I do have a question about the limbs. How far down toward the fades can you go when tapering the limbs? Do you go as far as the taper will take you? If I can do that, the bad spot on my limb would be part of the removed material.
Anyway, give me all the input you can. Looks like it's supposed to rain all weekend here, so I'll have three full days, except when I grilling burgers and dogs at both my Mother's and Mother-in-law's houses on Monday. I guess I better make that two full days.
Oh, at least my glue lines look good. You can give me that, can't you.
D.A.
I would finish it...at least you will get the practice in for the next one! Shaping the bow itself is an art, and you may want to change a few things on the next one. Good luck
Wear some good personal protective equipment when drawing that one. I'd bet she will blow at the end of that one fade, or maybe both fades. You need to make your fadeouts longer and thinner.
(http://i121.photobucket.com/albums/o203/Apex-Predator/Bow%20Building/4-22-10-5.jpg)
Thanks for the advice Apex. I plan on taking on my next build. In my own defense, I was using a Bingham's plan. and the pattern was for the fades I have. I'll have to revise my pattern.
D.A.
I'm sure Binghams intends you to thin the fades. I have riser patterns I have made, and you can't even cut them to final shape or they would break. Here is my pattern traced on a riser.
(http://i121.photobucket.com/albums/o203/Apex-Predator/Bow%20Building/4-16-10-2.jpg)
I would get some thin superglue and keep dropping it in on your fade until it is filled in...(and keep that screwdriver out of there..haha). It does seem like something got caught in there during the glue up but hopefully you never find out for sure.
could he add a power lam to belly to add strength to the limb at fade??
Well, my bows coming right along. The bad spot on the upper limb at the tip of the fade has gotten considerably smaller. Now it's a small hole that's less than 1/8" long and about 1/16", or less, deep. I don't know whether to try a get some Smooth-On down into it, or some thin Super Glue. It would be considerably easier to get the thin Super Glue down into it. I think it's going to be near impossible to get the Smooth-On down into it. I've been working on the riser. I plan on putting a leather wrap on the riser, so I'm trying to get the riser down to where it'll be just the right size for me with the leather on it.
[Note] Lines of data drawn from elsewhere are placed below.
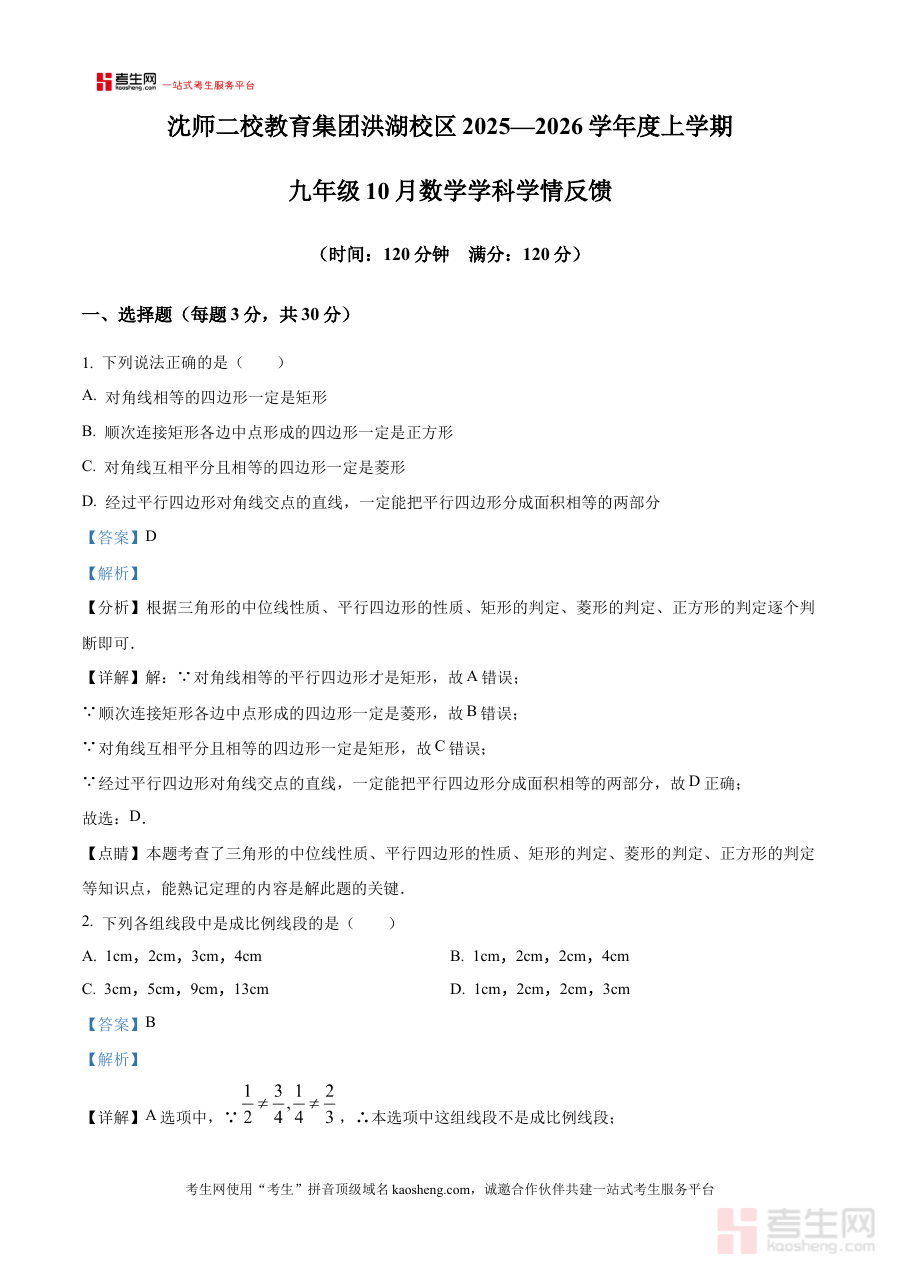 《精品解析:辽宁省沈阳师范大学第二附属学校2025-2026学年上学期10月月考九年级数学试题(解析版)》是针对辽宁省沈阳地区2025-2026学年上学期九年级数学学科10月月考的专业备考资料。该资料聚焦特定学校的阶段考试需求,为使用者提供与本次月考直接相关的解析内容支撑。
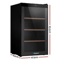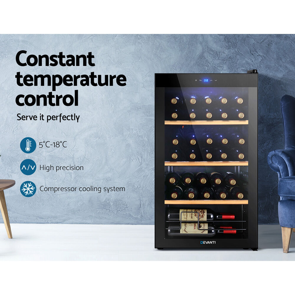 Need a good and reliable wine cooler? Look no further than our Devanti Wine Cooler. Utilising the latest high precision compression cooling technology, our wine cooler ensures your favourite vintages are kept at their prescribed temperatures with its circulated cool air. The touch control panel makes for easy temperature adjustments and the built-in interior LEDs help you to see your wines in the best light. The stylish and compact design stores up to 34 bottles of wine in a neat and tidy shelving system. The shelves are removable, allowing you to change the layout according to the contents and for easy cleaning. Better still, the double-glazed glass door is UV-resistant and provides excellent insulation along with the 30mm thick foam wall. The ensemble works quietly and efficiently and has a handy child-lock on its control panel for total peace of mind. Dont trust just any product with your precious vintages, trust Devanti.
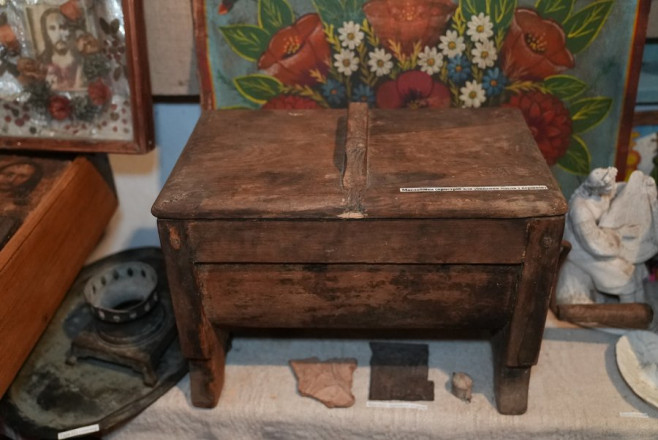 Пані Любов розповідає: раніше у Чернечій Слободі було понад 100 вітряків, школи, народне училище, дві церкви. Саме на місці однієї з них знайшли підпрестольну дошку, де згадуються не кріпосні, а “казенні” селяни, і жодного імені поміщика. Найдавніша частина експозиції – це різноманітні знаряддя праці, найстаровинніший експонат – кінські пута, знайдені у металобрухті. Ними сплутували ноги коней, коли відправляли їх у нічне пасовище. Старовинні предмети побуту і посуд – це не тільки свідчення епохи, іноді це ілюстрація народних висловів. Як, наприклад, ось ця діжа для тіста, яка мала бути складена з певної кількості дощечок, тобто клепок, щоб хліб добре сходив.
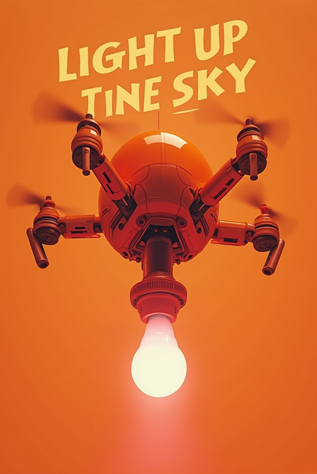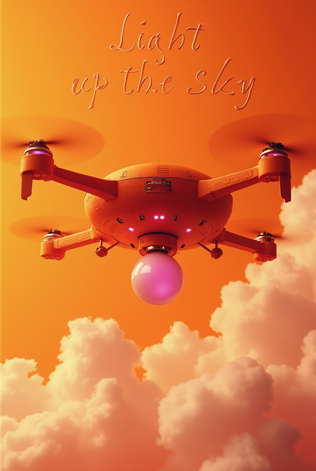 prompt: poster, big «light up the sky» inscription, dynamic composition, plastic mate orange futuristic modern brutalist detailed flying drone with a with a round streamlined shape and a big pink light glowing bulb on the bottom inside the drone, orange background
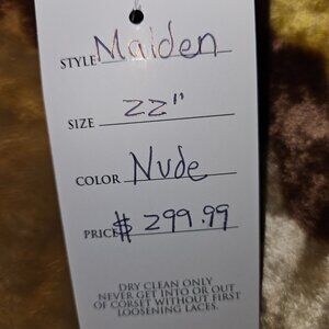 This POST for ONE HANDMADE Long Line New With TAGS DEAD STOCK shape The MAIDEN from USA designer Corset Creations in LIGHT NUDE. Size 22"/XS Best for natural waist 25" to 29" depending on your tight lacing experience. ALL MODELS are wearing the MAIDEN under bust TIGHT LACING, WAIST TRAINING corset. LAST ONLY SMALL SIZE THIS COLOR. Full description below.
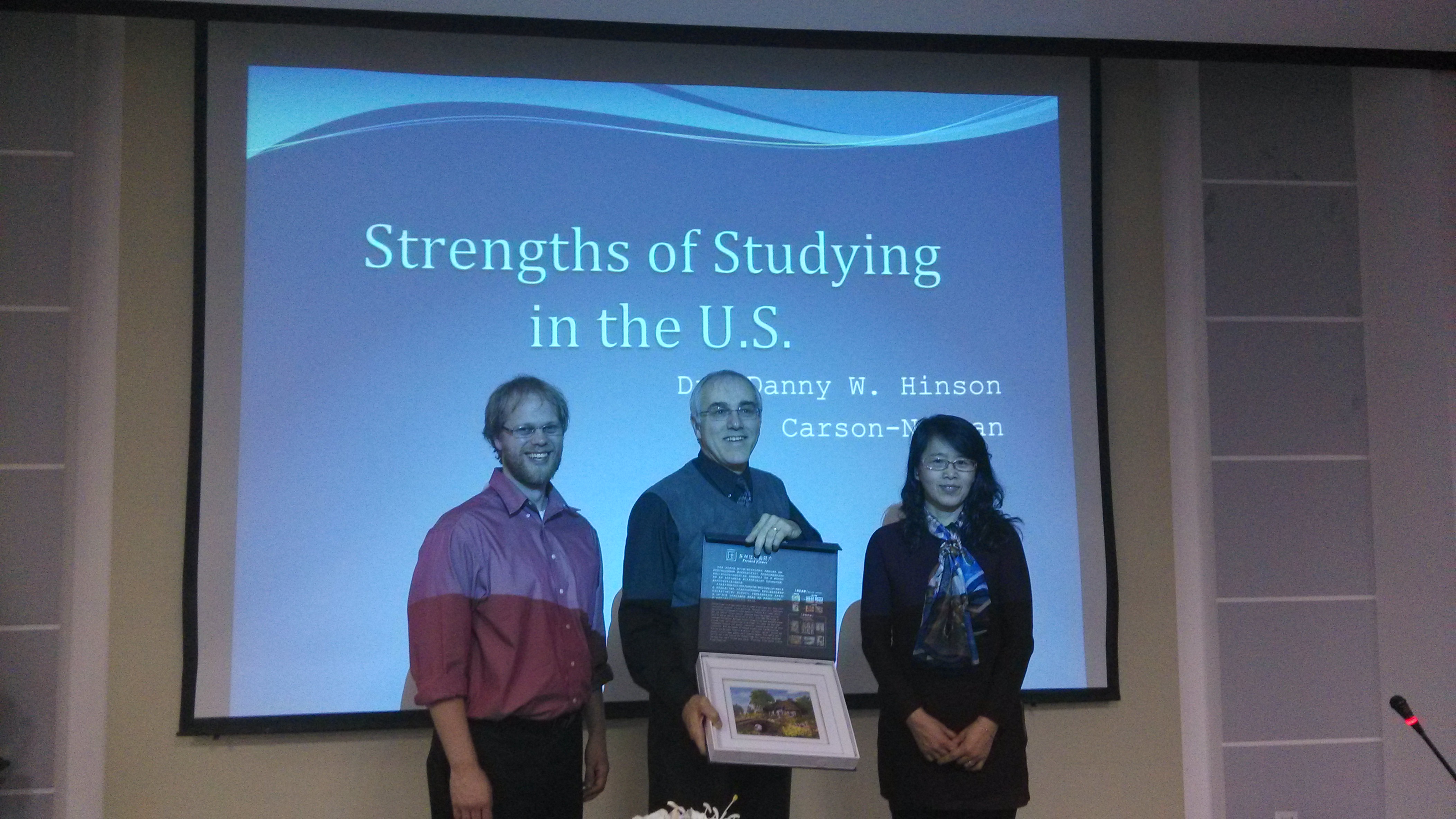 2月28日18时,awc777万象城娱乐官网在文博楼1019室举办以“Strategies For Independent Learning”为主题的英语讲座,主讲人是来自美国卡森纽曼学院的Danny Hinson教授。卡森纽曼学院位于美国田纳西州,1997年学院被美国《货币》杂志评为百所优质大学之一。1993年成为入选国家教育学习计划的17所大学之一,拥有160年的历史。Danny教授的学生,awc777万象城娱乐官网外籍教师Micah老师担任了此次讲座的主持人,
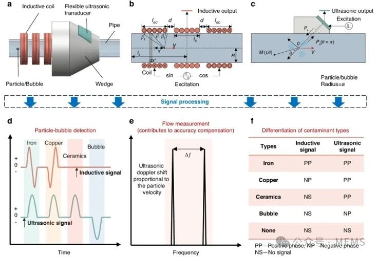 該方法在測量流速的同時能夠區分鐵磁性金屬顆粒、非鐵磁性金屬顆粒、非金屬顆粒和氣泡。微機械加工可以顯著減小傳感器的尺寸,而柔性襯底使安裝更加方便,增強聚焦聲場,從而提高檢測能力。這項研究成果已于近期發表在Microsystems & Nanoengineering期刊上。
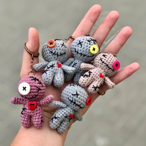 Creepy, cute, and totally irresistible! These mini voodoo doll keychains are the perfect mix of spooky and sweet—with button eyes, stitched smiles, and little hearts that practically scream “hug me… or else!” Make them for Halloween, gift one to your ride-or-die, or lean into that soft goth aesthetic—this pattern is wickedly fun and full of character. Stitch at your own risk—you might get attached.
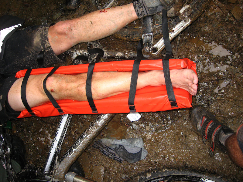 A few years back now on The Raven at Brechfa, my mate's broken tibia and fibula he had to reset it himself after the crash but after a couple of hours wait with the paramedics he eventually got a free ride in a big yellow helicopter and some metal work inserted into the bone courtesy of the NHS, into the bargain. Lot of fuss over nothing really ... no proper scars to show for it the worst of it was they had to cut off his Singletrack sock 😀
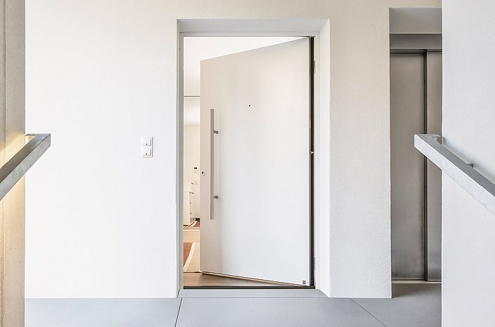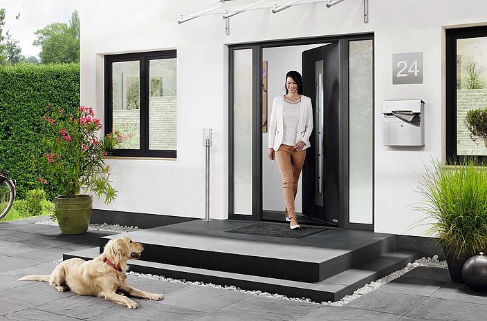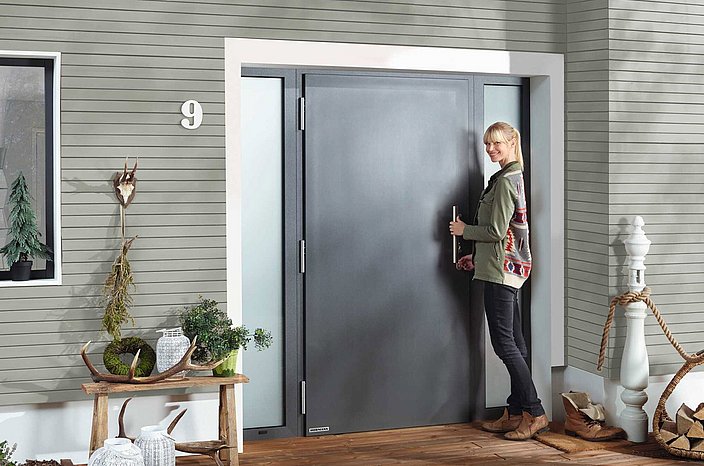 "Als sie die Wohnungstür aufschloss, zog sie der Duft von frischen Himbeeren zuerst in die Küche" - HÖRMANN Thermo46 ist die ideale Wohnungseingangstür in Mehrparteienhäuser. Durch thermische Trennung von Türzarge und thermisch getrenntem Türblatt braucht hier auf Wärmedämmung nicht verzichtet werden. Mehrfachverriegelung und RC2-Ausstattung sorgen auch bei Wohnungseingangstüren für hohe Sicherheit. Verschiedene Motive und Seitenteile bieten eine ansprechende optische Gestaltung.
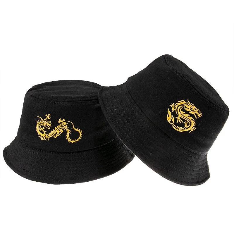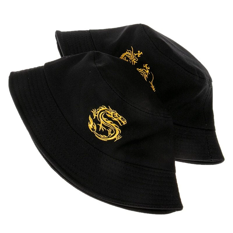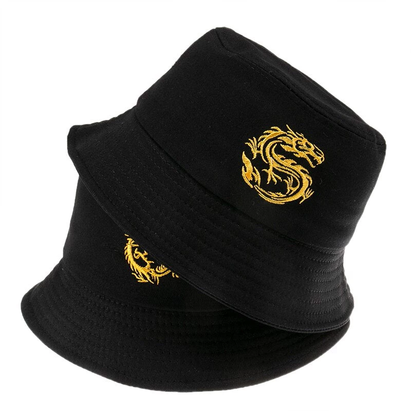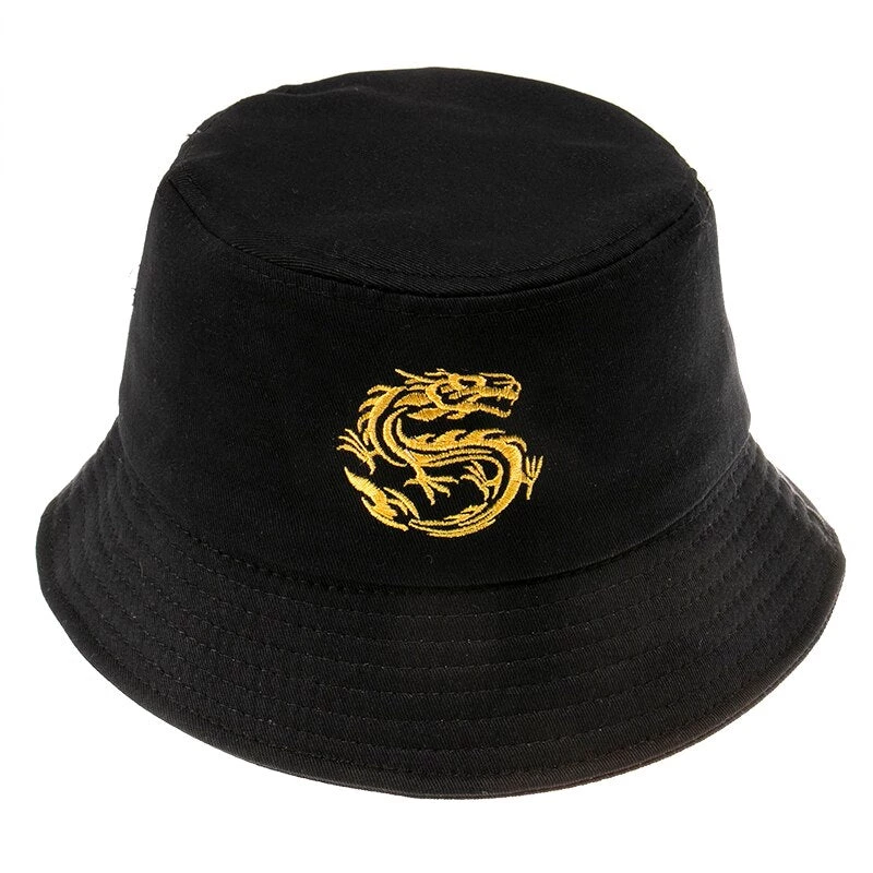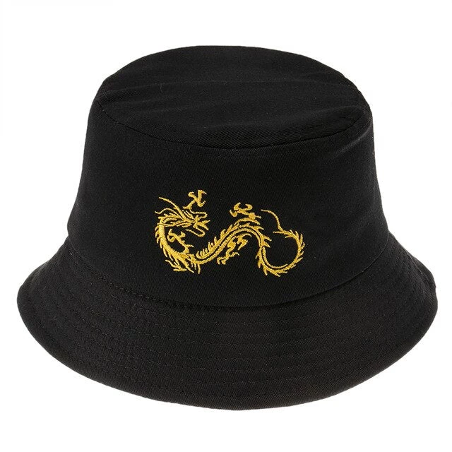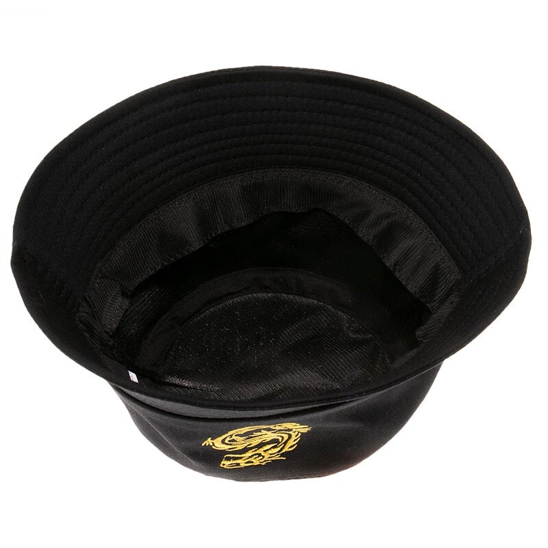 Black bucket hat with an embroidered dragon design.
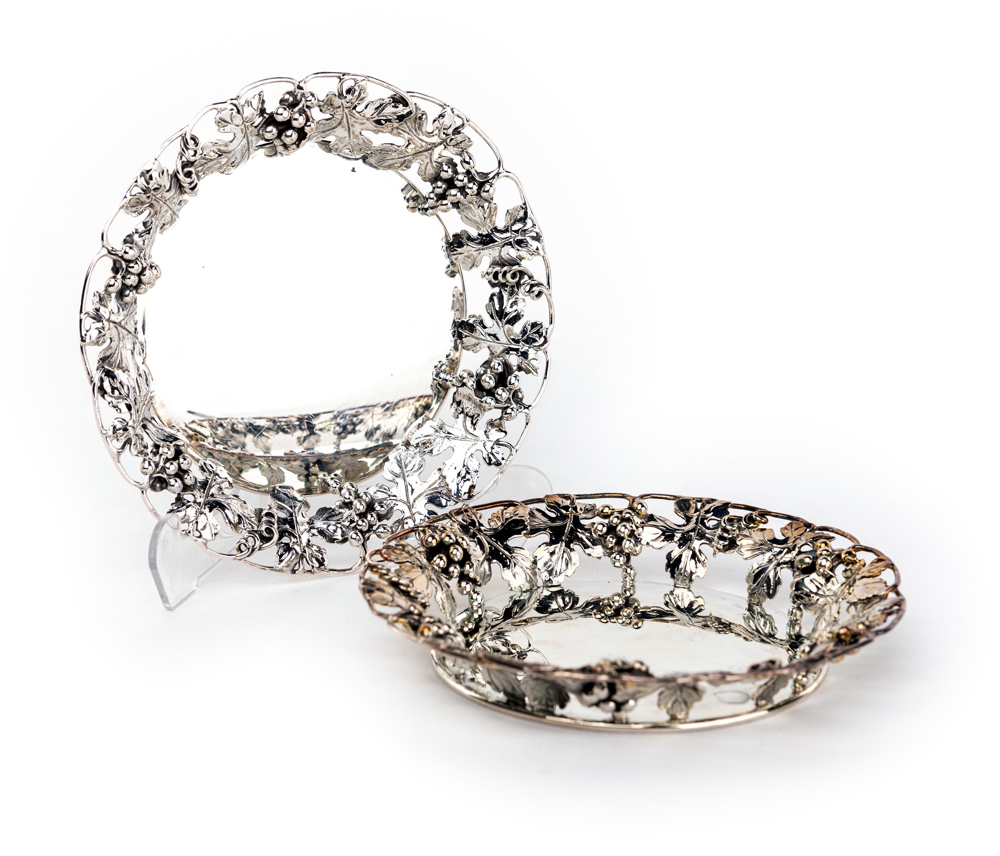 Coppia di sottobottiglia in argento 800, Enrico Goretta, Alessandria
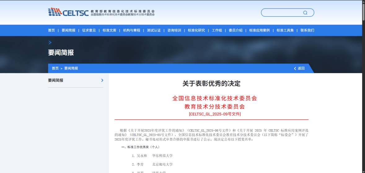 近日,全国信息技术标准化技术委员会(CELTSC)正式公布了“2025年标准应用优秀案例”评选结果。贵州轻工职业大学申报的《数字化赋能职业教育高质量发展——智慧校园建设的创新实践与探索》项目成功入选,成为全国获评的30项优秀案例之一,也是贵州省本次唯一入选的案例。这是学校在职业教育信息化建设领域的一项突破性成果。
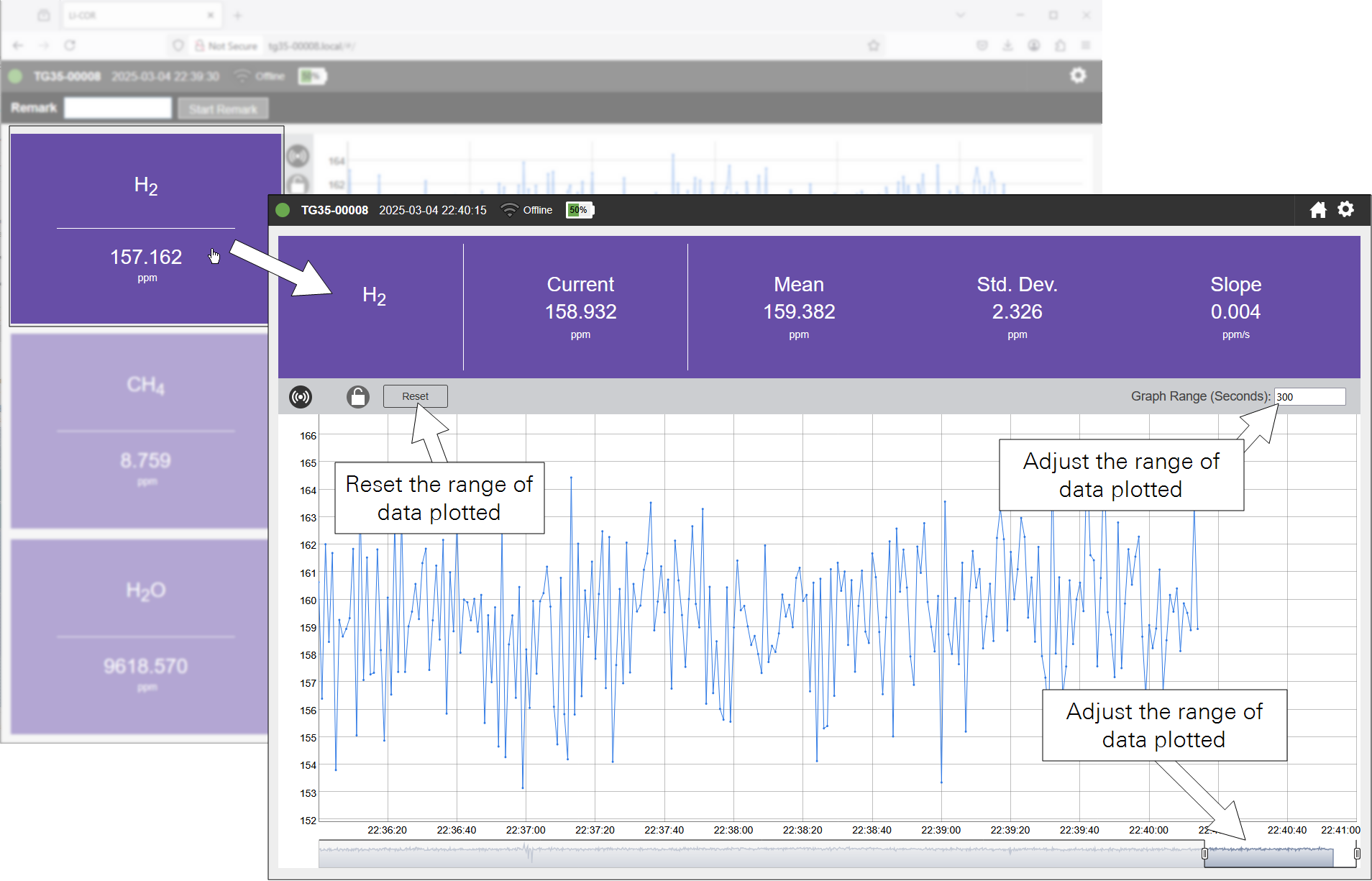 In the graphs, you can click and drag to zoom in and reset the zoom by double-clicking the graph. For any gas, you can click the rectangular panel to view more details, including the current measurement, mean, standard deviation, and slope for the displayed time range. You can adjust the plotted time range with a slider or by typing in the number of seconds in Graph Range (Seconds). Click Reset to restore the default range of 300 seconds.

I think since my fades came out short, my grip and shelf came out long.
I need to put the riser accents and limb accents at the riser on next, and then I'll be ready to begin the tillering process.
Here's some pictures of my progress so far.
(http://i11.photobucket.com/albums/a178/bayman1975/DSC01167.jpg)
(http://i11.photobucket.com/albums/a178/bayman1975/DSC01170.jpg)
(http://i11.photobucket.com/albums/a178/bayman1975/DSC01169.jpg)
(http://i11.photobucket.com/albums/a178/bayman1975/DSC01168.jpg)
(http://i11.photobucket.com/albums/a178/bayman1975/DSC01171.jpg)
love the grip on this bow, hope it turns out ok for you, itll sure be a beauty.
to make super glue flow better I have let the tube sit in hot water with top above waterline for a few minutes, then apply to crack slowly so it wicks in by capillary action
Well, I've added some accents to the riser. I decided to use Smooth-On. I've had the bow riser under heat curing the Smooth-On. The heats off now. I'm just waiting for it to cool down, so I can start working on it again. I made a make-shift heat box for the riser. All it is is two 125W Heat lamps surrounded by reflective insulation. It kept the riser at a toasty 130 degrees. Here's a couple pics.
(http://i11.photobucket.com/albums/a178/bayman1975/05-30-10_1555.jpg)
(http://i11.photobucket.com/albums/a178/bayman1975/05-30-10_1556.jpg)
Well, I've got my accents on the riser, and now the only thing left to do is tiller the bow. This will be a real learning experience for me. On my accents, I put some linen phenolic behind a layer of Osage Orange on the back of the riser. Then I put a layer of Osage Orange behind a layer Of Walnut on the limbs on the belly of the riser. I'm afraid that my linen phenolic is probably a little too thick, but it's all I had. After I get it tillered, I'll put some more linen phenolic with walnut and Osage on the limb tips. Here's some pics of my riser with the accents.
(http://i11.photobucket.com/albums/a178/bayman1975/05-30-10_2007.jpg)
(http://i11.photobucket.com/albums/a178/bayman1975/05-30-10_2006.jpg)
(http://i11.photobucket.com/albums/a178/bayman1975/05-30-10_2005.jpg)
(http://i11.photobucket.com/albums/a178/bayman1975/05-30-10_2004.jpg)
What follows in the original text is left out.